Cérebro e a Neurobiologia dos
comportamentos ligados ao uso de
substâncias psicoativas
Alessandro Alves
Aconteceu na última quinta-feira, dia 13 de maio. Dia da libertação dos escravos.
Voltava eu de Botafogo, por volta das 21 horas, em direção à minha casa, em Vargem Pequena,
dentro de um táxi. O telefone celular toca e era o familiar de um paciente internado, ávido por
notícias. Conversa encerrada, familiar atendido, o motorista dirige a mim a primeira frase da
noite (após o “para onde vamos?”, é claro).
__ “ O senhor trabalha com dependência química?”
Adorei. Um motorista interessado no assunto. O que seria? Precisa de ajuda? Conhece alguém
que precisa? Que não tem recursos? Ele próprio? Pois no momento em que eu me empolgava
E estava prestes a recitar minha já tradicional ladainha: “tem atendimento gratuito na Câmara
Comunitária da Barra da Tijuca, telefone 3325-2323, procura Dra. Arlete, fala que foi Dr.
Alessandro que indicou...”, ele me joga um balde de gelo:
__”Pois por mim esses viciados podiam todos morrer...isso é safadeza, falta de caráter!”
Procurei conhecer melhor me taxista e sua raiva. Em torno de 40 anos, portador de diploma de
nível superior, casado e pai de uma filha, morou mais de uma década nos EUA e retornou ao
Brasil há mais de 05 anos. E tem um irmão. Um único irmão.
Esse irmão, sim, contou meu chofer, dependente químico grave que foi internado e tratou-se.
Ficou abstinente (ou limpo, ou sóbrio, como queiram), estudou, tornou-se Conselheiro em
dependência química (ou Terapeuta, ou Consultor, ou Técnico, como queiram). Trabalhou no
mesmo local onde se internou. Casou, teve filhos. E assim viveu por quinze anos. Sim, quinze
anos. Até recair.
Desde então nunca mais se levantou. Foi internado inúmeras vezes, sem sucesso. Perdeu
emprego, a esposa foi embora, ele praticamente não vê mais os filhos. Hoje não trabalha e
vive agarrado ao último cipó que separa esse adicto na ativa da total mendicância: sua mãe.

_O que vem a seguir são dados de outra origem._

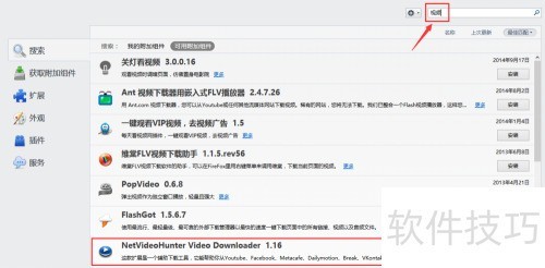 3、 在页面右上角的搜索框内输入视频进行搜索,找到netvideohunter 1.16后下载并完成安装。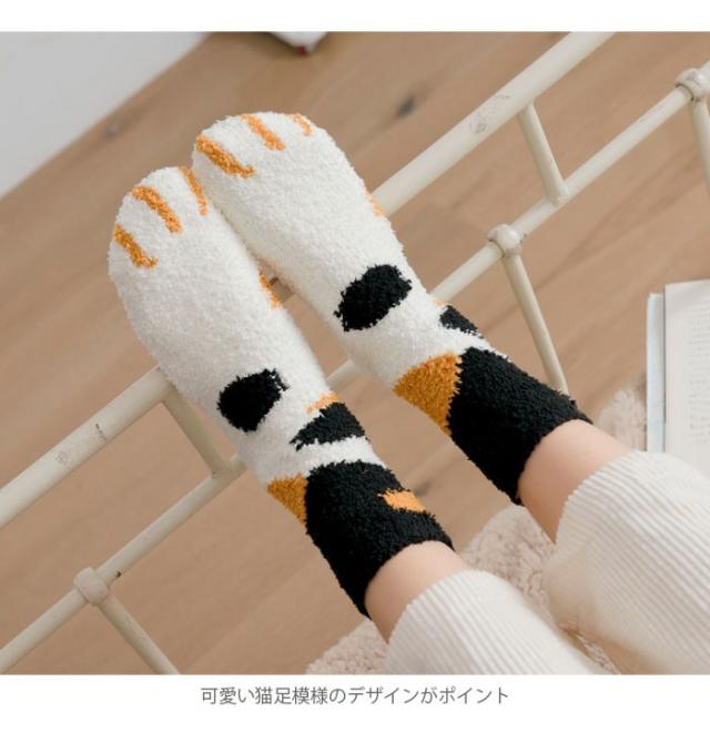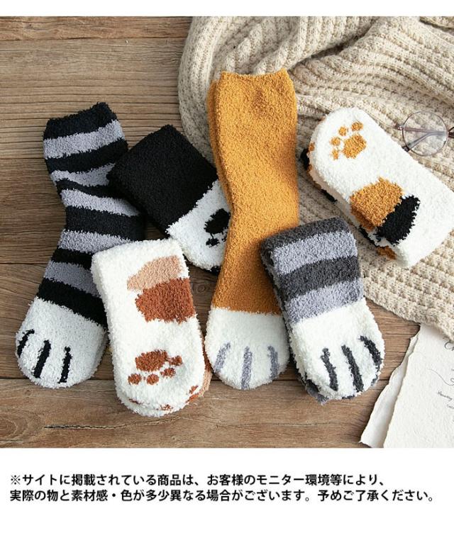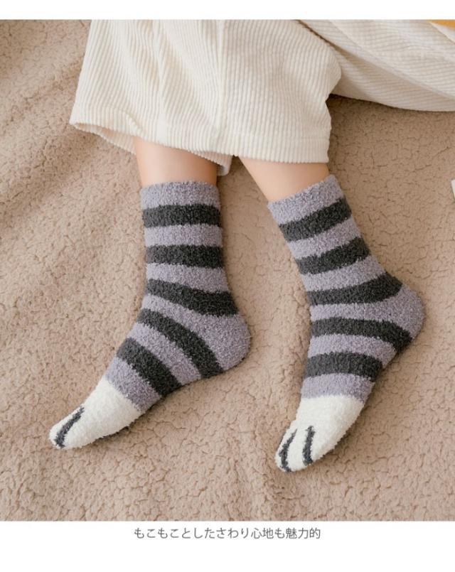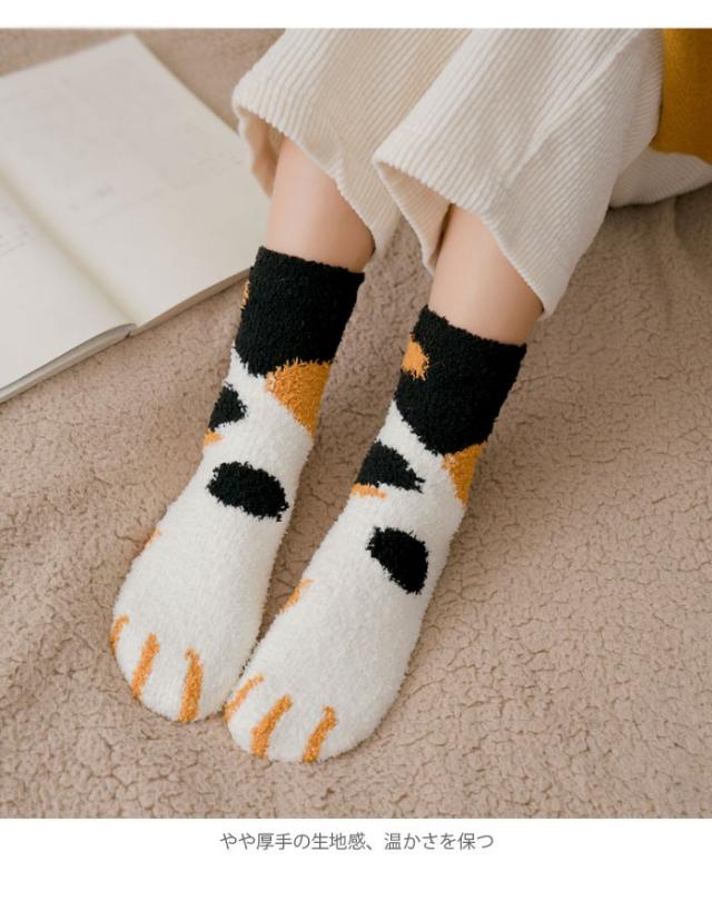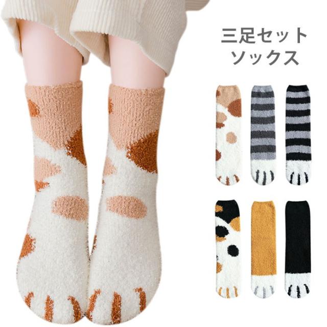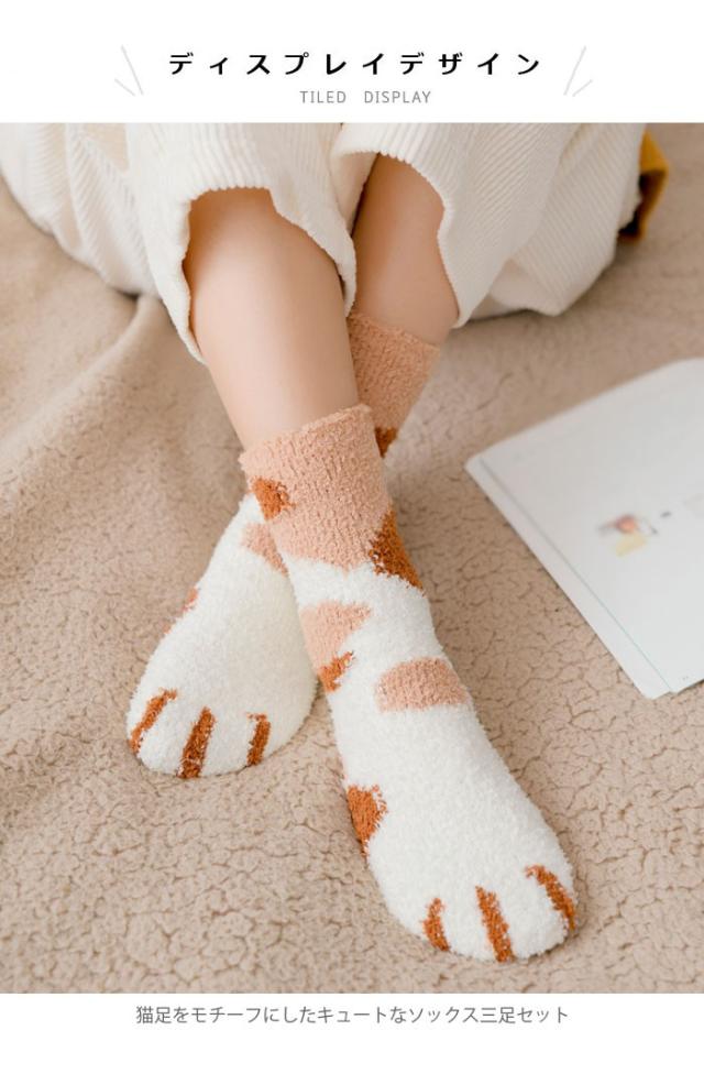 三足セットソックス レディース ソックス 三足入りセット 靴下 ショートソックス 猫足 もこもこ 可愛い あったか 暖かい 厚手 冬新作

A narrativa continua com o taxista lembrando, com tom de voz mais ameno, os talentos de seu
irmão. Inúmeros. Bom amigo, prestativo, educado... ”todo mundo gosta dele. Sério, todo
mundo gosta dele. Só que ninguém o agüenta... o senhor entende?”
Entendo. Entendo e por força de meu ofício não me basta entender; preciso explicar. Explicar
quantas vezes for necessário até que o outro entenda. Então começo a descrever como
funciona a doença, seus mecanismos, e...sou fulminado!
_”Olha, Doutor, o senhor desculpe, mas isso não é doença não. Eu respeito, o senhor trabalha
com isso, mas eu acho que é uma falta de vergonha na cara ele ter voltado a usar droga. Já
tinha quinze anos, ele agora usa porque quer..eu tenho raiva do que ele faz com minha
mãe...eu não aceito...eu não falo com ele...ele usa porque quer!”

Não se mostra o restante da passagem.